It was shortly after noon on July 5th, 2013 when we got the text message from the adoption attorney we’d just connected with a couple days earlier.  (The story of how we got to this connection is a much, much longer one not to be delved into here.)  The birth mother and father we’d learned were in need of a couple had decided they wanted my husband and I to be the parents of their daughter, due to be born in August.

In writing this I realize how inadequate the English language is for capturing the essence of such a life changing moment.  Elation, joy, ecstasy…these words barely scratch the surface of what we felt as the content of that message sunk in.  Our dream of parenthood was finally becoming a reality!

Adoptive Mom

After fierce hugs and kisses and tears my husband and I set immediately to calling our families- those loved ones who had been through every heartbreak and hope with us- grandparents, aunt, uncle and the immeasurably dear family friend without whom this match would not have happened.  (You’re amazing, Jen!  We love you!)

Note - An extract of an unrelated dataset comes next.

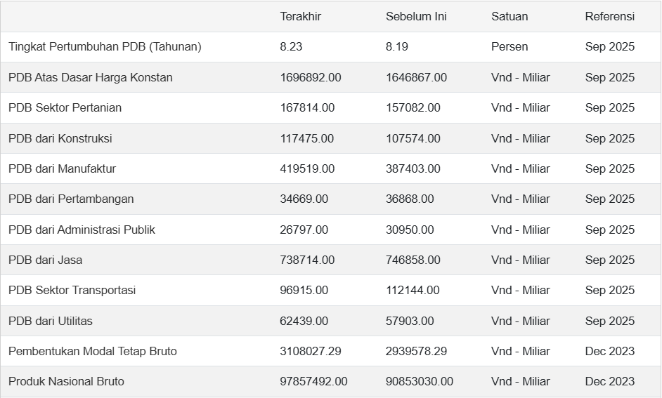 Di sisi lain, konsumsi domestik Vietnam juga menunjukkan geliat positif. Penjualan ritel naik 11,3% sepanjang September, dan indeks harga konsumen (IHK) tetap terkendali, hanya naik 3,38% pada September dibandingkan tahun sebelumnya. Seluruh sektor ekonomi menunjukkan kenaikan: industri dan konstruksi (9,46%), jasa (8,56%), serta pertanian (3,74%). Secara kumulatif, PDB Vietnam dalam sembilan bulan pertama tahun ini tumbuh 7,84%, terkuat sejak 2011. Pemerintah menargetkan pertumbuhan PDB sebesar 8,3%–8,5% sepanjang tahun 2025, angka ambisius yang jauh melampaui proyeksi Bank Dunia (6,6%) dan IMF (6,5%).
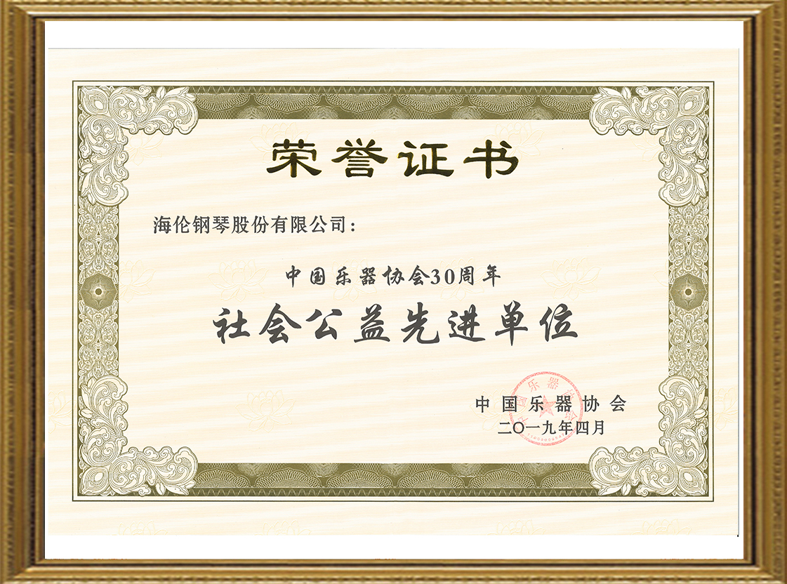 社會公益先進單位榮譽證書 中國樂器協會為海倫鋼琴股份有限公司頒發中國樂器協會30周年社會公益先進單位榮譽證書。

But once the adrenaline blitz subsided, it hit me.  I had gone from hopeful, would-be adoptive mom to vicariously 8 months pregnant in a matter of minutes.  Yikes!  So the whirlwind of preparation began.  Ours was to be an open adoption, so the first, most important and most nerve wracking task was to make personal contact with our birth mother, Nila*.  To this point all communication had been through our lawyer.  But what do you say to the woman who has agreed to give you one of the greatest gifts on Earth by making one of the greatest sacrifices imaginable?  Would we truly be able to express the depth of our gratitude?  And what if we said something that made her change her mind?  Forget butterflies.  We had elephants frolicking in our guts.

That first contact went well (whew!) and over the next few weeks our relationship would begin to develop as we anxiously awaited our daughter’s birth.  Four weeks have never gone by so quickly and felt so achingly slow simultaneously.  We made it through though and on August 6th, 2013 we got the call!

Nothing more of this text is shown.